There are other vestiges, also, of this city, amongst which may be mentioned a series of vaults and subterranean chambers, one beneath another, now serving as sheds for tenders, and herds of goats. Towards the south-west there are remains also of an immense theatre, still in a state of considerable preservation. Its diameter is two hundred and fifty feet, and there is a semicircular range of seats at each extremity. Towards the port, lower down, are marble soroi, and other antiquities of less importance.
From this spot, Dr. Clarke proceeded to an immense tumulus, called after Æsyates, the situation of which, he says, perfectly agrees with the account given of that monument by Strabo. He then descended again into the vale of Troy, and arrived at a village, called Erkessy, in which he found a marble soros, quite entire. Upon it is an inscription in Greek, beautifully cast, and in a very perfect state. “Aurelius Agethopodos Othoniacus, and the son of Aurelius, who was also a Pancratiast, of whom there is a hollow statue in the temple of Smintheus, and here in the Temple of Æsculapius, I have placed this Soros for myself and my dearest father, the afore-written Amelius Paulinus and to my descendants. But if any one shall dare to open this Soros, and lay in it the dead body of any other, or any man’s bones, he shall pay, as a fine to the city of the Troadenses, two thousand five hundred drachms, and to the most sacred Treasury as much more.”

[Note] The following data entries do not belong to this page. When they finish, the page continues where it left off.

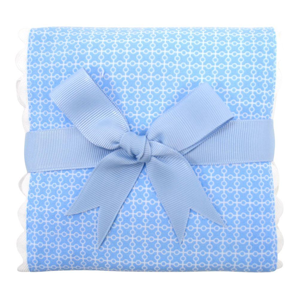 The burp cloths are one of our most practical products! Made from super absorbent, traditional cloth diapers, these burp cloths feature fancy rick rack, ribbon or pom pom trim along fabric panels and come tied with grosgrain ribbon. The burps are an easy and useful gift to bring to new parents at the hospital, with a meal or on their own!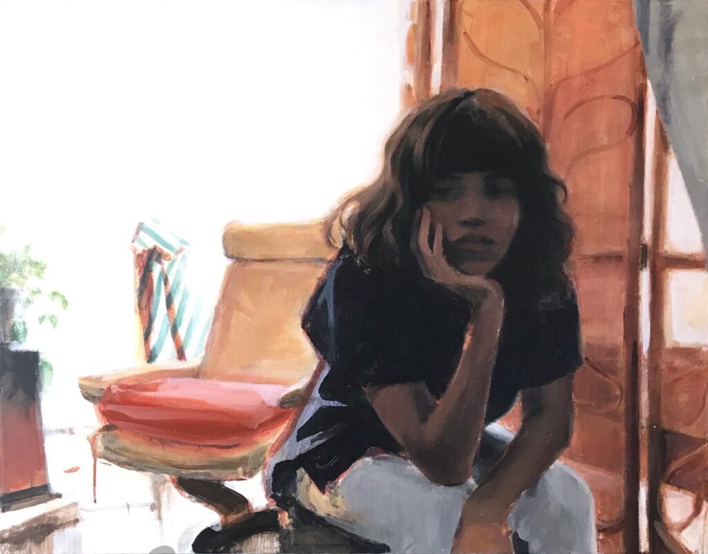 小木曽が主に描くのは自身の家族やその周辺の風景です。落ち着いた色彩を組み合わせて描かれる絵画空間からは対象の存在感が浮かび上がってきます。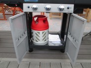 Dobrý den, děkujeme za váš dotaz. Pokud byste chtěla mít plynovou láhev schovanou ve skříňce pod grilem, doporučujeme použít 7,5 kilovou kompozitní plynovou láhev, případně klasickou ocelovou plynovou bombu o váze 5,6 kilogramů. V případě, že budete mít schovanou ve skříňce pod grilem, je třeba pamatovat, že gril s bombou uvnitř se nesmí převážet a obecně se doporučuje při jakékoli složitější manipulaci s grilem bombu odpojit. Pokud chcete mít plynovou láhev vedle grilu, můžeme vám doporučit i větší, desetikilovou kompozitní plynovou láhev. Kromě láhbr je třeba ke grilu přikoupit také speciální připojovací sadu, bez které by plynová bomba nešla ke grilu připojit. Co se týče způsobu dodání, z bezpečnostních důvodů není možné ocelové a kompozitní plynové bomby zasílat poštou nebo prostřednictvím přepravních firem. Možný je pouze osobní odběr u nás na pobočce. V případě vašeho zájmu o plynové bomby, nebo kdybyste měla nějaké další dotazy, neváhejte se na nás obrátit. Pro tyto účely je vám k dispozici zákaznická linka, dotazy můžete posílat také přes kontaktní online formulář anebo nás můžete navštívit v naší kamenné prodejně v Tachlovicích (mezi Zličínem a Rudnou u Prahy) na adrese Karlštejnská 97, kde máme grily Campingaz i oba druhy plynových bomb vystavené a kde vám bude k ruce jeden z našich odborných poradců, který zodpoví každý váš dotaz a se vším vám pomůže.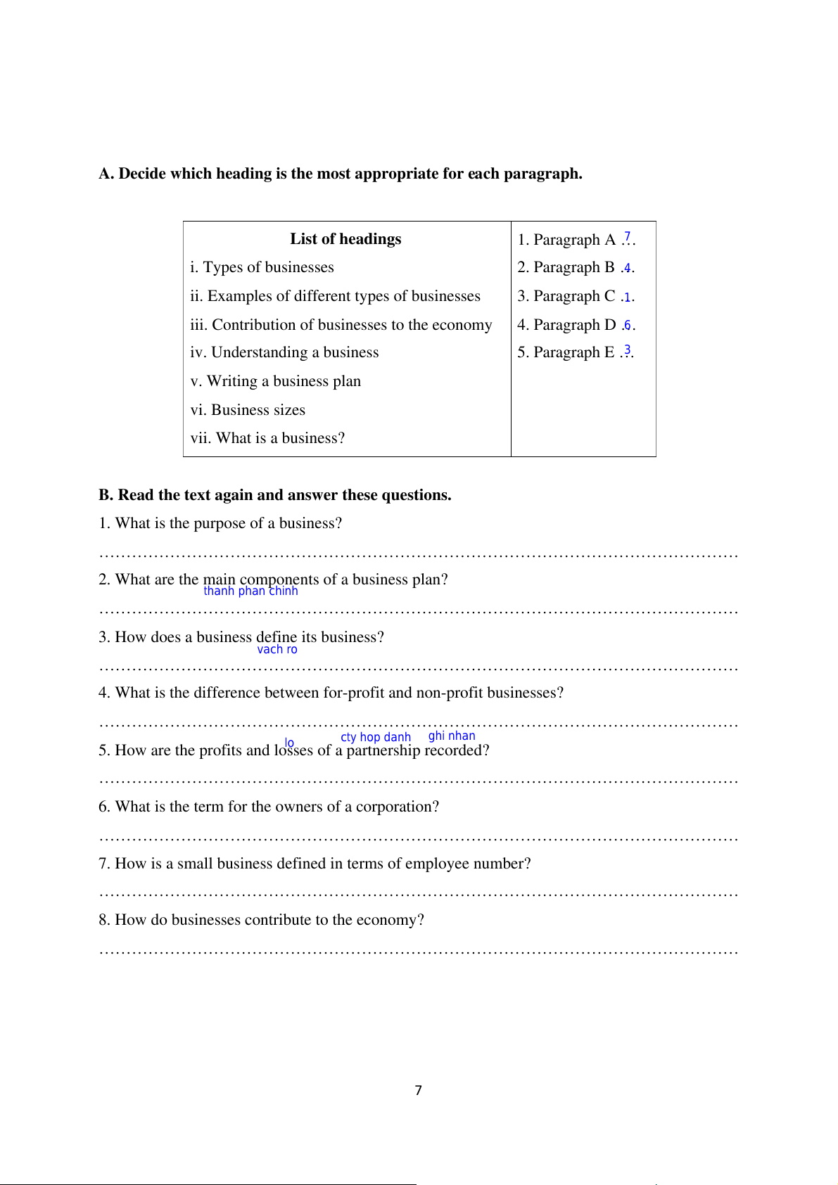 A. Decide which heading is the most appropriate for each paragraph. List of headings 1. Paragraph A … 7 i. Types of businesses 2. Paragraph B … 4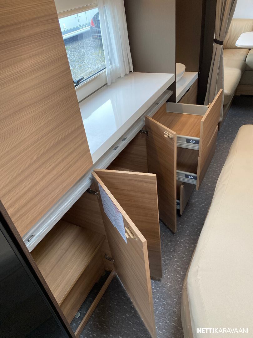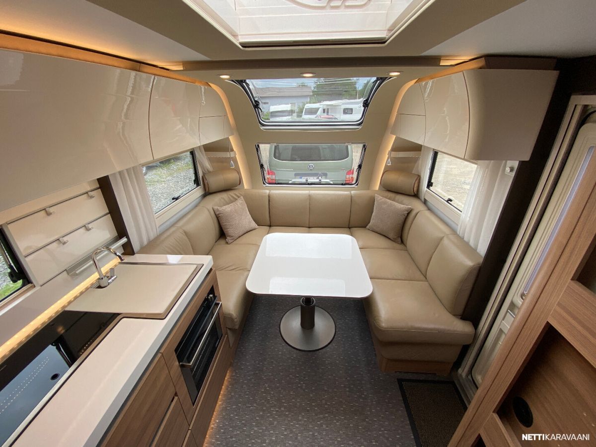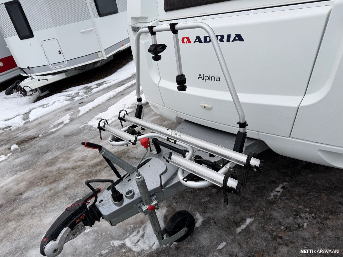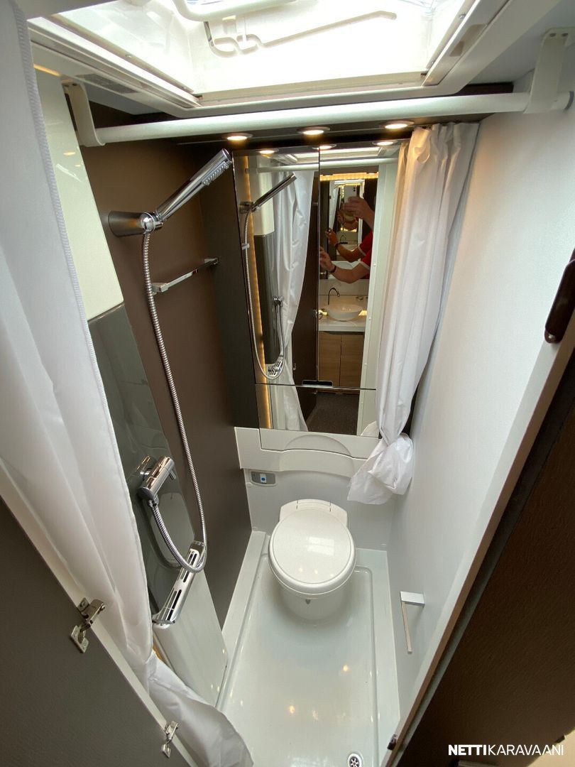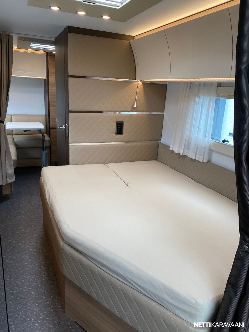 Nahkaverhoilu, Alde-nestekeskuslämmitys, nestekiertoinen lattialämmitys, sähköpatruuna, lämmin vesi, suihku, liesi uuni,, liesituuletin, iso jääkaappi/pakastin, mikro, kiinteä raikasvesisäiliö, kiinteä harmaavesisäiliö, niskatyynyt istuinruhmässä, kolmikerrosvuode, kasetti-wc, kasettiverhot, bluetooth , akku-/ laturivarustus, telttapalvelu, tv-teline, suksiluukku x 2, tavaraluukku, kitkavetopää, hyttysovi, alu-vanteet, pyöräteline edessä, aurinkopaneeli, kaasupullo...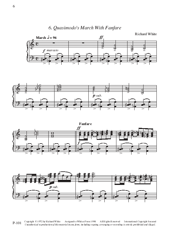 In December of 1971 I wanted to write a short piano piece as a Christmas gift for a piano student. Normally I write such pieces rather quickly, but this time I was unable to meet my deadline. Liking what I had produced of Reflections in a Lake thus far, I finished it and added five more short (some very short!) pieces. Four months later, in April of 1972, Six Pieces for the Younger Pianist was finished. Although short, these pieces do require several good years of pianistic training to navigate successfully. Coincidentally, my son was born in February of 1972; overall, a rather productive year I'd say! |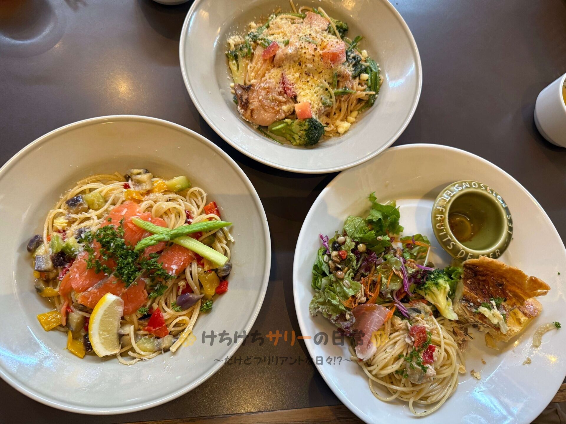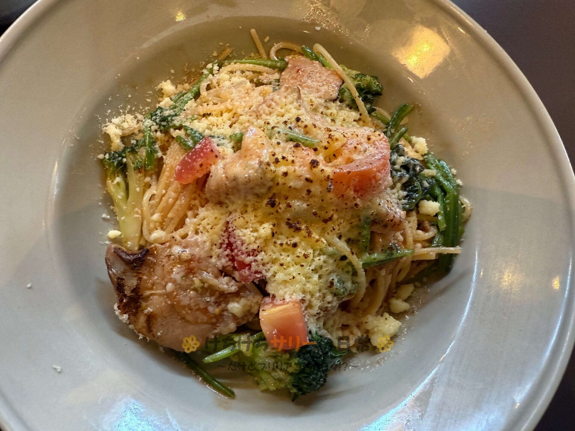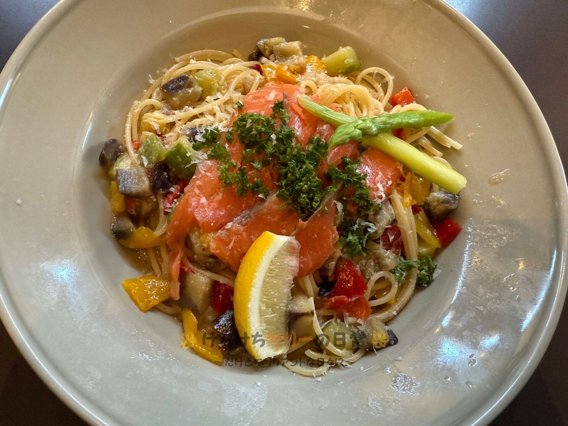 相方ママが注文したのは「〜さっぱりレモンのアクセント〜 夏野菜とサーモンのオイルパスタ 」だよ。
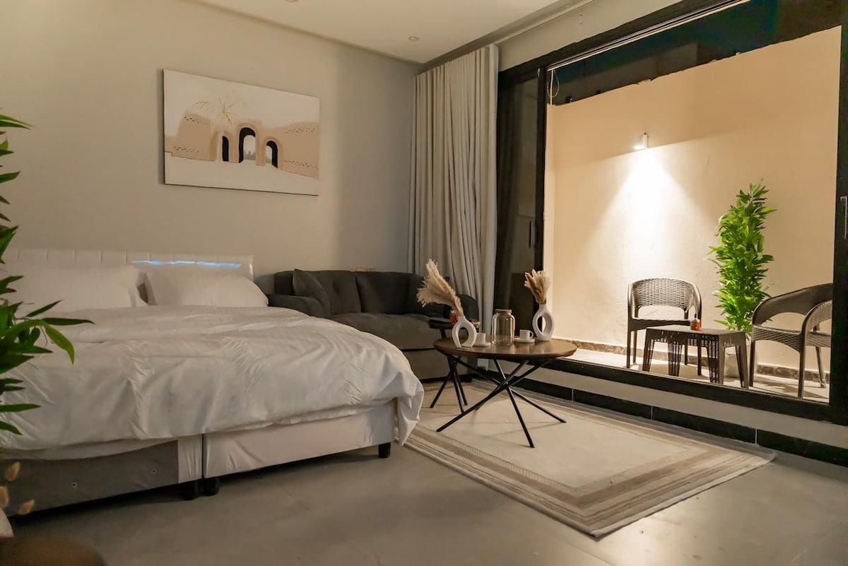 Experience a unique experience in a private Artist Studio offering relaxation and comfort. The studio includes a bed and a side seating area where you can enjoy watching on a 65-inch smart screen. There's also a separate kitchenet and a coffee to serve all your needs and stylish outdoor area with fire pit. location is close to all services, the tourist destination, and Riyadh Season areas (Boulevard,Arena,Etc) within a 5-minute. We would love to host you and share the experience with us!
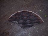 ...jonka lattialla oli tämä, haljennut ja väärinpäin käännetty lieden levy. |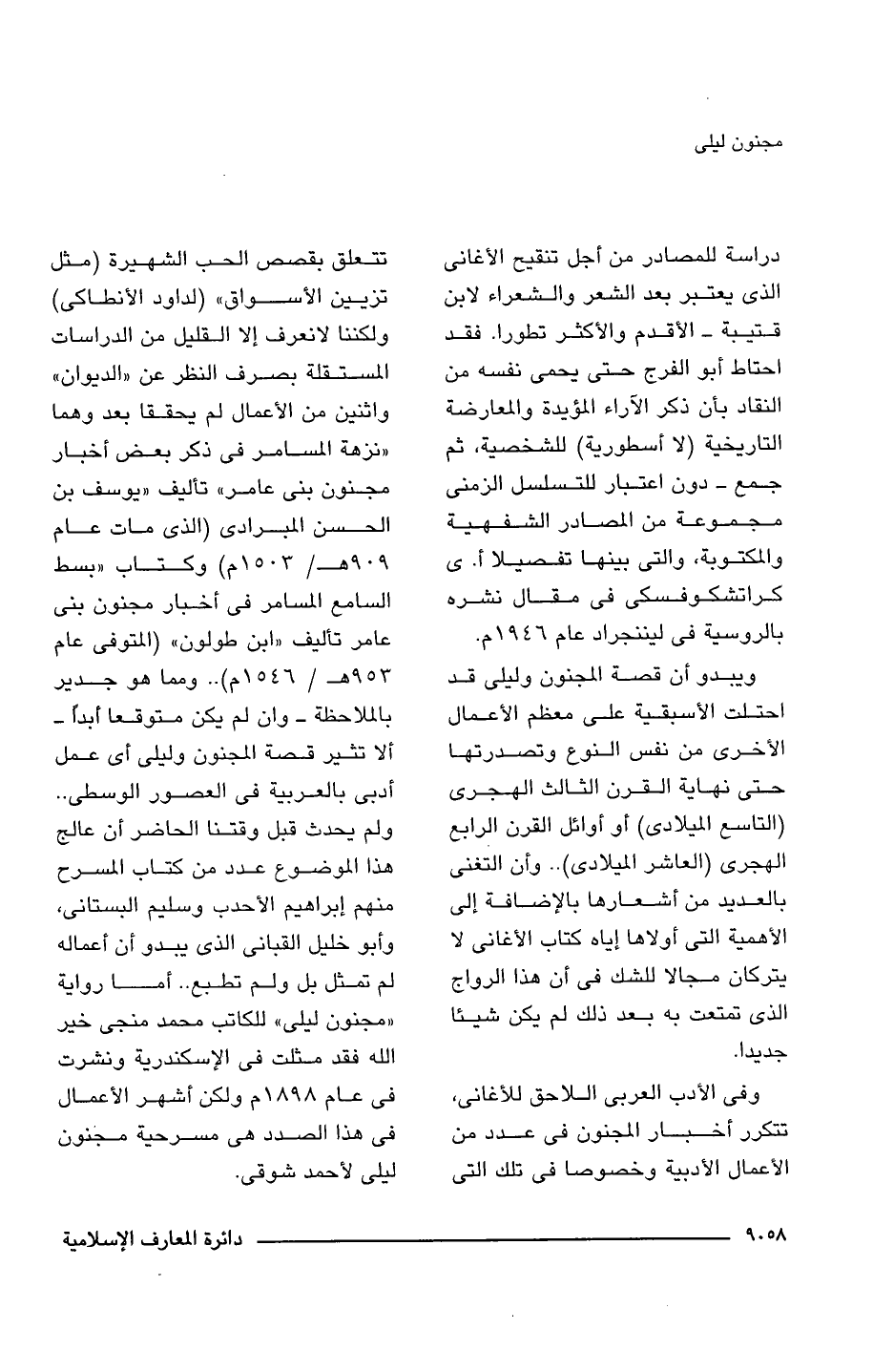 ويبدو أن قصة المجنون وليلى قد احتلت الأسبقية على معظم الأعمال الأخرى من نفس النوع وتصدرتها حتى نهاية القرن الثالث الهجرى (التاسع الميلادى) أو أوائل القرن الرابع الهجرى (العاشر الميلادى). . وأن التغنى بالعديد من أشعارها بالإضافة إلى الأهمية التى أولاها إياه كتاب الأغانى لا يتركان مجالا للشك فى أن هذا الرواج الذى تمتعت به بعد ذلك لم يكن شيئًا جديدا.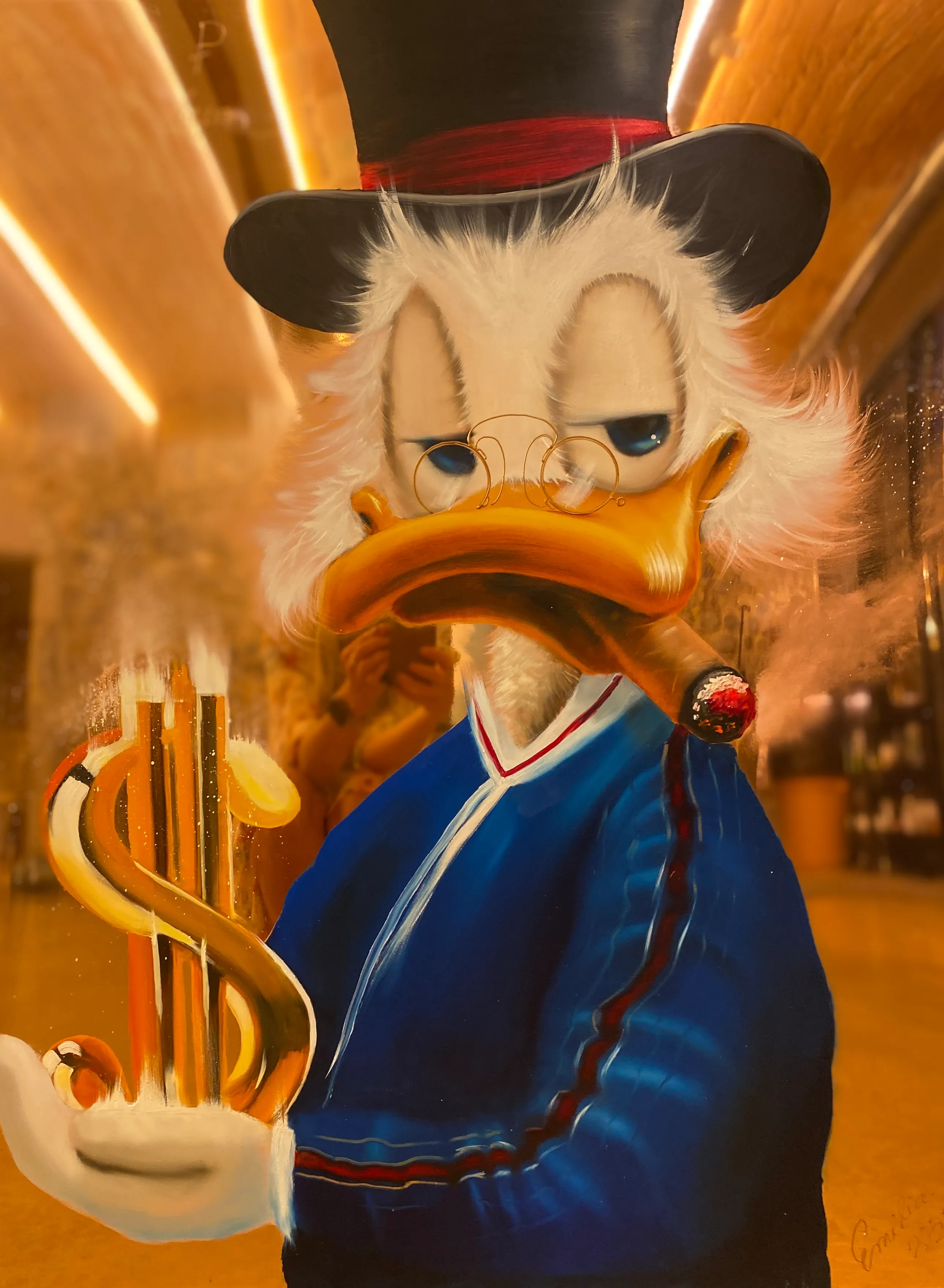 This piece blurs the line between pop culture and fine art, holding a mirror to society’s fascination with money, status, and power. At once playful and provocative, it is a commentary on the character we all recognize, yet also a reflection of the world we inhabit.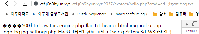 웹 쉘에 순서대로, cd ..; ls; cat flag.txt를 주면 flag.txt를 읽어서 문제를 해결할 수 있다.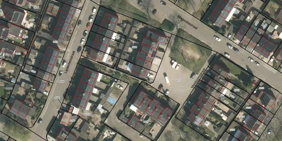 Gebruik de zoekbalk of klik op een perceel voor informatie over de adressen binnen dit perceel.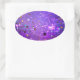 Adesivo Oval Fundo de folhas roxas com estrelas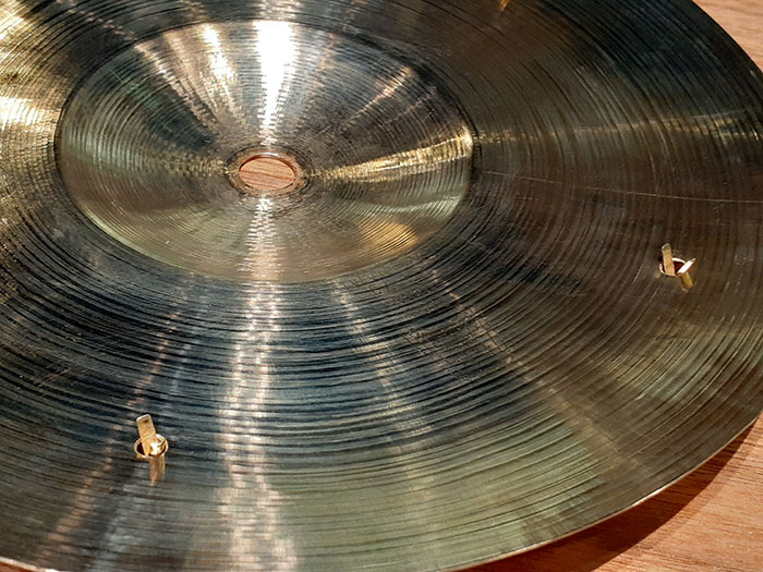 分かる方にはシンバル表面のハンマリングを見てすぐお分かりだと思いますが、あのSpizzichino cymbalを彷彿とさせる美しいハンマリングが施されています。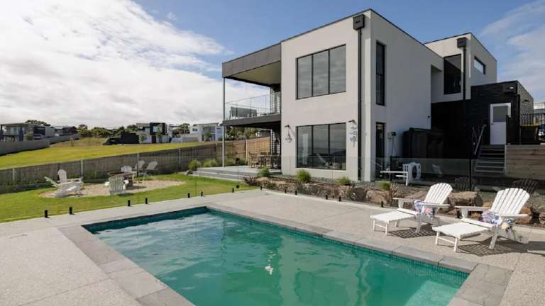The Bay View San Remo by Ready Set Stay ist ein modernes Ferienhaus, das mit einem eigenen Pool, einem Garten und einer Sonnenterrasse ausgestattet ist. Die Unterkunft bietet einen Außenpool und ist für Nichtraucher gedacht. Außerdem sind private Check-in-/Check-out-Optionen verfügbar. Die Nutzung von kostenlosen WLAN sowie einem kostenlosen Privatparkplatz ist gegeben.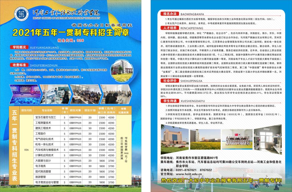 河南工业和信息化职业学院2021年五年一贯制招生简章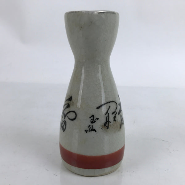This is a Japanese vintage ceramic sake bottle or Tokkuri. This sake bottle has a crackle glaze and features black calligraphy all around as well as a red strip at the bottom. It is a compact size making it easy to use daily for beverages or as a small flower vase.

At no great distance from this soros, Dr. Clarke found a village, the inhabitants of which live with great cleanliness in small cottages, and practising the customs of their forefathers, in their hospitality to strangers. They presented him with a medal, found in their village; and they showed him a marble, on which was an inscription in Greek characters, implying, that “Metrodorus of Amphipolis, the son of Timocles, is praised by the senate and people, for his virtue and good-will towards the king Antiochus and Seleucus and the people: he is deemed a benefactor to the state; is to have access to the senate; and to be inscribed into the tribe and fraternity to which he may wish to belong[292].”